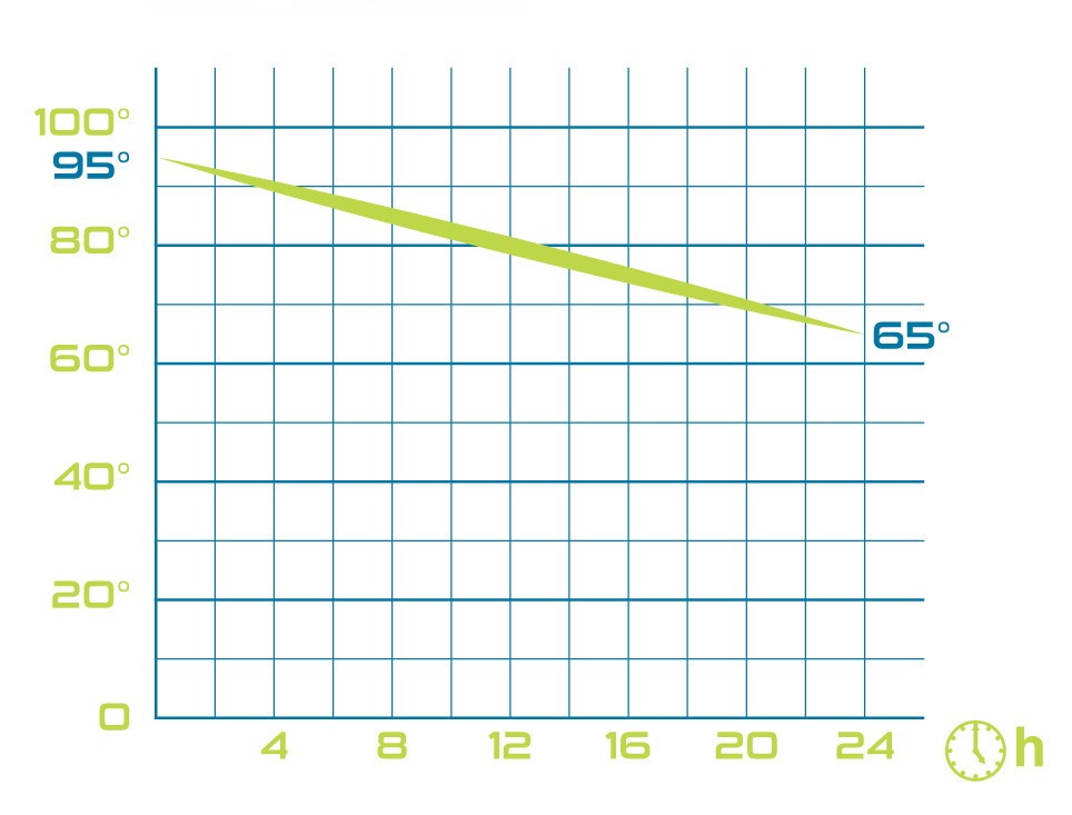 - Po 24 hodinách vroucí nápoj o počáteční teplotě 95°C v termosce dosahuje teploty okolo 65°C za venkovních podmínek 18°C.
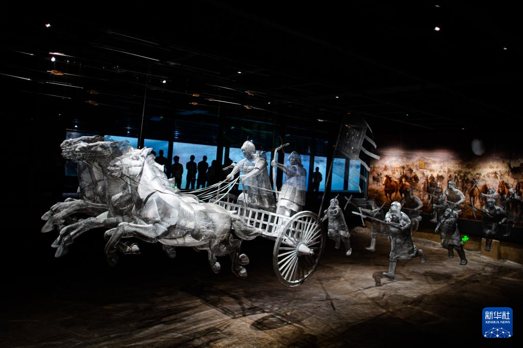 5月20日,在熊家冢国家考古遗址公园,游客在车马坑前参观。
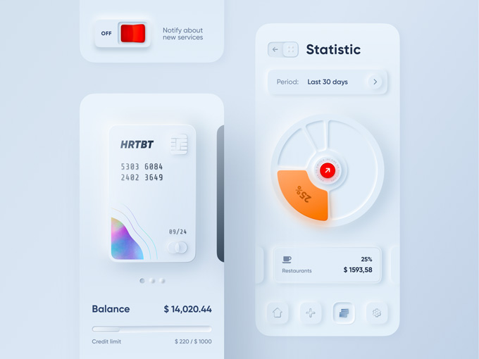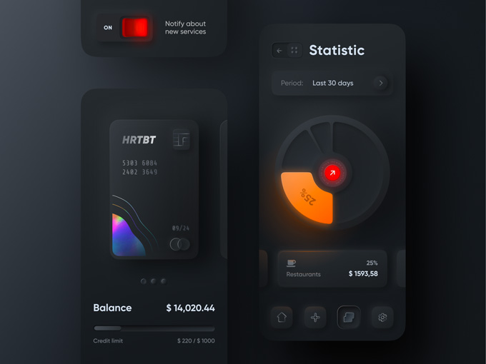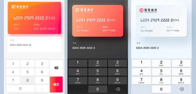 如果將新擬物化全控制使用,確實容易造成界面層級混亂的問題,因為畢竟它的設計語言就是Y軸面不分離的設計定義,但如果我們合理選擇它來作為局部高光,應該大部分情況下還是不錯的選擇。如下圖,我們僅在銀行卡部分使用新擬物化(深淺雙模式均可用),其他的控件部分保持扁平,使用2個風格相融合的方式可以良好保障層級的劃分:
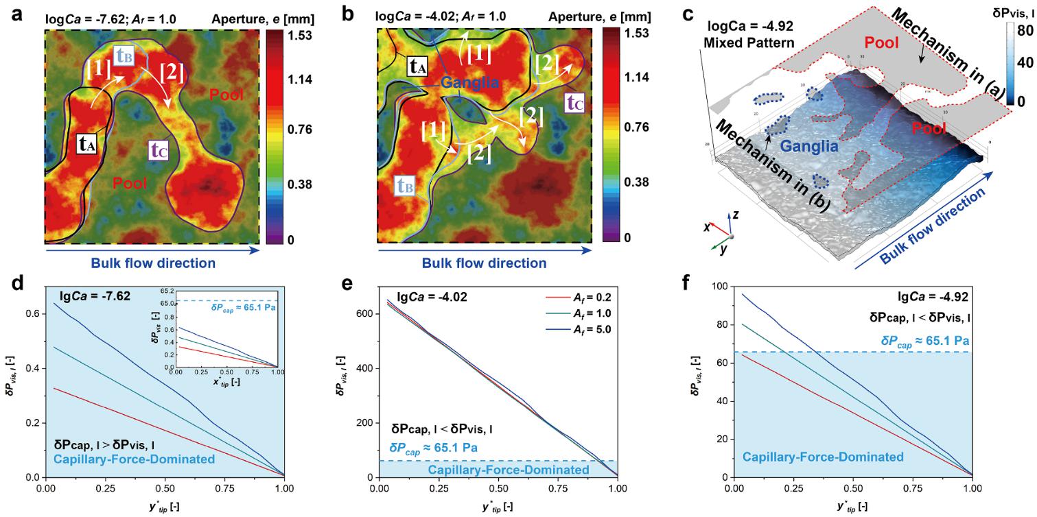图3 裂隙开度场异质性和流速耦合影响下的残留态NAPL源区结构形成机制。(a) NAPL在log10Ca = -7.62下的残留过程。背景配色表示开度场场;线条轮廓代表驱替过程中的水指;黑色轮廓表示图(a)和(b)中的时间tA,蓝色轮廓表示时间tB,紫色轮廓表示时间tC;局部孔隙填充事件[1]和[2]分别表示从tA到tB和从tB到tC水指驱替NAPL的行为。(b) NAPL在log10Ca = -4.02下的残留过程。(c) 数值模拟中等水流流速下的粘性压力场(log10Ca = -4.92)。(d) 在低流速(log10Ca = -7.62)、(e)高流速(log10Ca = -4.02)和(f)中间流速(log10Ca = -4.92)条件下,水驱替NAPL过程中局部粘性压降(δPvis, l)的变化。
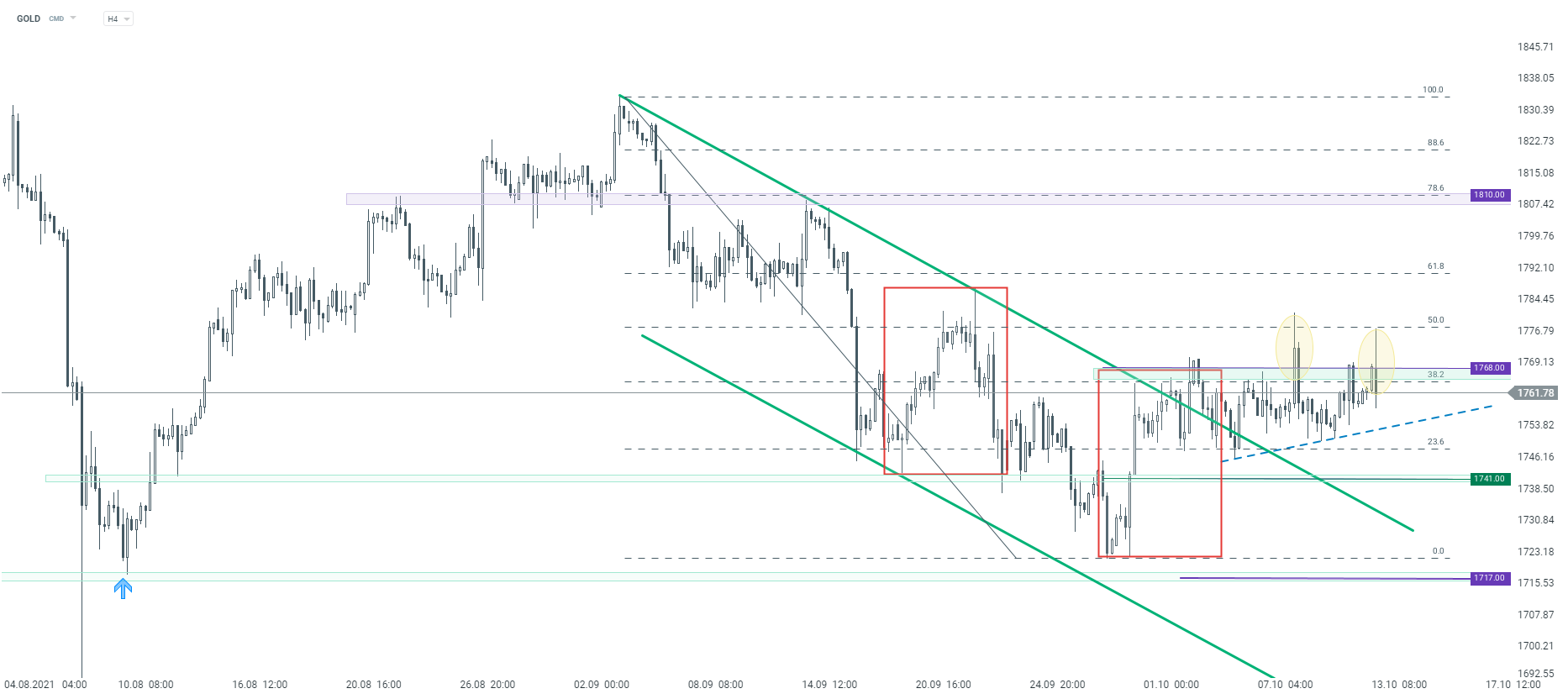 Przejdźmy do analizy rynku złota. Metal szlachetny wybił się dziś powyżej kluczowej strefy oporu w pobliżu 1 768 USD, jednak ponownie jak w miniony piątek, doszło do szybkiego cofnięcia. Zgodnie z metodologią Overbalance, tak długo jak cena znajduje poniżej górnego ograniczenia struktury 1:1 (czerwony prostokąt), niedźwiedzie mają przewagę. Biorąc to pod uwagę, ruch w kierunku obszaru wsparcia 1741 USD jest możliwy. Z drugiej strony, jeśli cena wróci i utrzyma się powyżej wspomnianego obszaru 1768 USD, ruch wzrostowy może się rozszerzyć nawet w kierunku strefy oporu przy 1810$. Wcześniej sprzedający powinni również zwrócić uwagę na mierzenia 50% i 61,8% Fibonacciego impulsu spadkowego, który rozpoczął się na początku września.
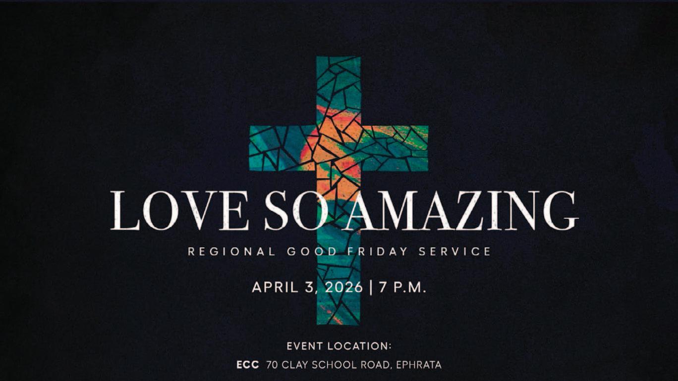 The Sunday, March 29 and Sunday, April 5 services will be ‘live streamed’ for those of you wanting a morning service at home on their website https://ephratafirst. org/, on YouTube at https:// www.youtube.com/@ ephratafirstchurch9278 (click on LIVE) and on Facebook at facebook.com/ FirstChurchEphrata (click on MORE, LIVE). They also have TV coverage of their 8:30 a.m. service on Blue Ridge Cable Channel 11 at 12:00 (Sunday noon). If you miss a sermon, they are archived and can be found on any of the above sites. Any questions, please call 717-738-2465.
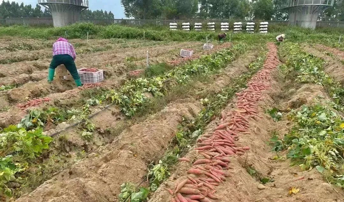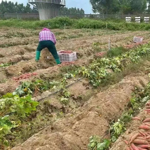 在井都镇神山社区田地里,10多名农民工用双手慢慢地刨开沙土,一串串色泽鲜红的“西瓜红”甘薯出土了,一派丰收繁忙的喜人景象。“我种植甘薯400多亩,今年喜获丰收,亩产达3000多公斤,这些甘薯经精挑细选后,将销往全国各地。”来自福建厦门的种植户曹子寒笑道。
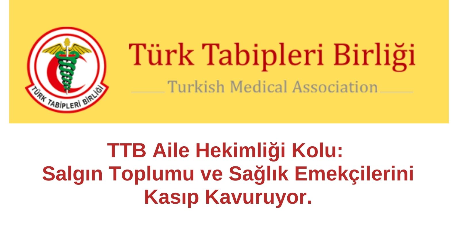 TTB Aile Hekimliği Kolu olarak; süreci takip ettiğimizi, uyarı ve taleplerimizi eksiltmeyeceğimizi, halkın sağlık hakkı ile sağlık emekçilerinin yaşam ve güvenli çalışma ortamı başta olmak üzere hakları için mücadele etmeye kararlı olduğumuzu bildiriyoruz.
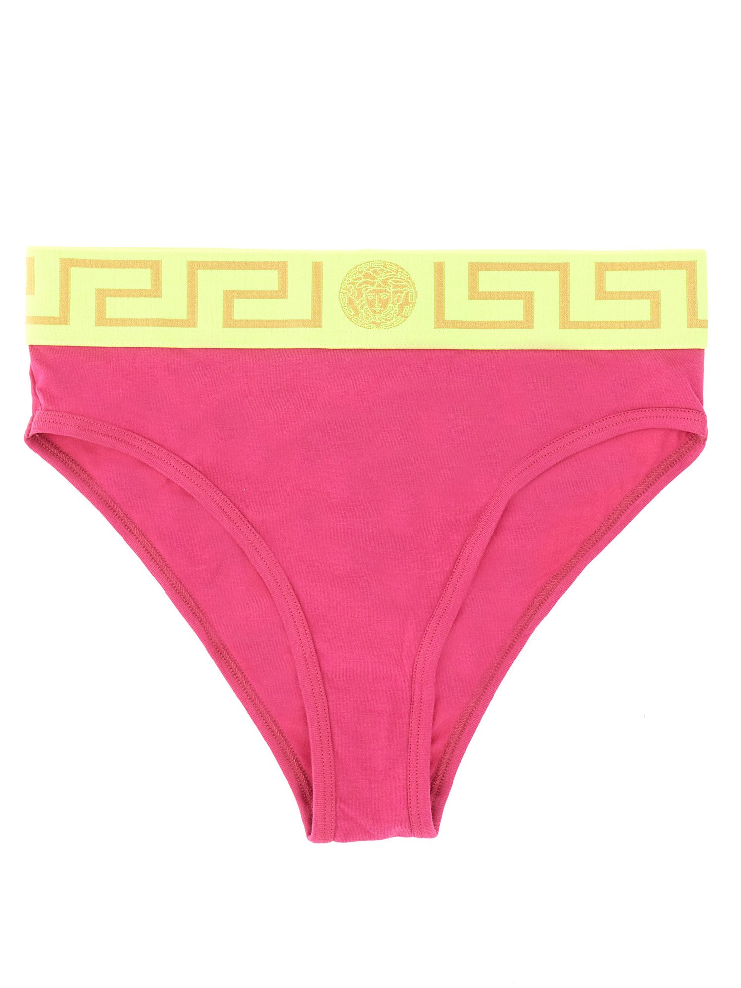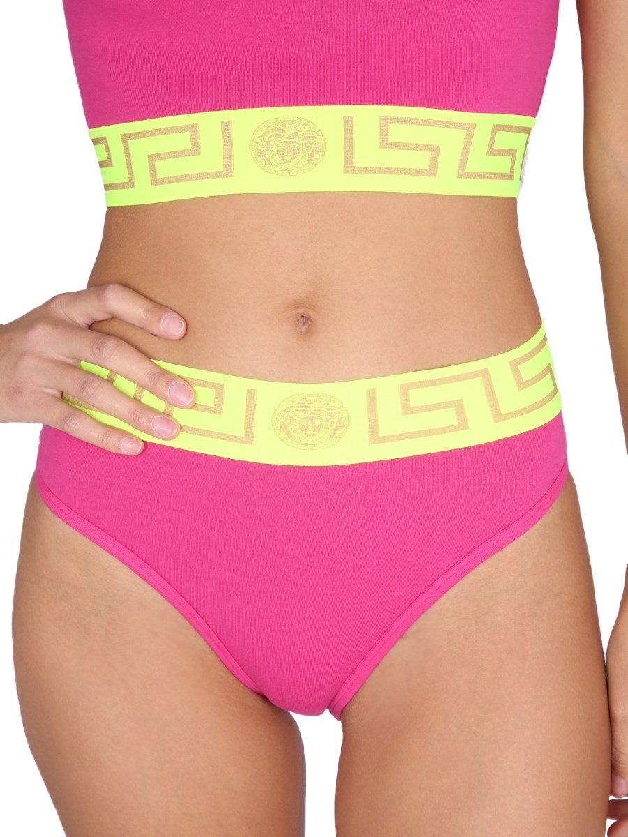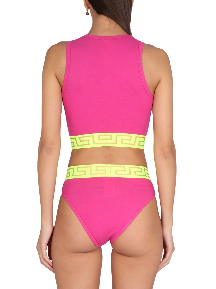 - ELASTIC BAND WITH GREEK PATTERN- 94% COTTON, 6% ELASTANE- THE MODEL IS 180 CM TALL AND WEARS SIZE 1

* **Directions for this task**
Beginning at the line that has "图3 裂隙开度场异质性和流速耦合影响下的残留态NAPL源区结构形成机制。(a) NAPL在log10Ca" and ending at the line that has "Przejdźmy do analizy", restate the listing above word for word, pictures left out.

* **The answer**
图3 裂隙开度场异质性和流速耦合影响下的残留态NAPL源区结构形成机制。(a) NAPL在log10Ca = -7.62下的残留过程。背景配色表示开度场场;线条轮廓代表驱替过程中的水指;黑色轮廓表示图(a)和(b)中的时间tA,蓝色轮廓表示时间tB,紫色轮廓表示时间tC;局部孔隙填充事件[1]和[2]分别表示从tA到tB和从tB到tC水指驱替NAPL的行为。(b) NAPL在log10Ca = -4.02下的残留过程。(c) 数值模拟中等水流流速下的粘性压力场(log10Ca = -4.92)。(d) 在低流速(log10Ca = -7.62)、(e)高流速(log10Ca = -4.02)和(f)中间流速(log10Ca = -4.92)条件下,水驱替NAPL过程中局部粘性压降(δPvis, l)的变化。
 Przejdźmy do analizy rynku złota. Metal szlachetny wybił się dziś powyżej kluczowej strefy oporu w pobliżu 1 768 USD, jednak ponownie jak w miniony piątek, doszło do szybkiego cofnięcia. Zgodnie z metodologią Overbalance, tak długo jak cena znajduje poniżej górnego ograniczenia struktury 1:1 (czerwony prostokąt), niedźwiedzie mają przewagę. Biorąc to pod uwagę, ruch w kierunku obszaru wsparcia 1741 USD jest możliwy. Z drugiej strony, jeśli cena wróci i utrzyma się powyżej wspomnianego obszaru 1768 USD, ruch wzrostowy może się rozszerzyć nawet w kierunku strefy oporu przy 1810$. Wcześniej sprzedający powinni również zwrócić uwagę na mierzenia 50% i 61,8% Fibonacciego impulsu spadkowego, który rozpoczął się na początku września.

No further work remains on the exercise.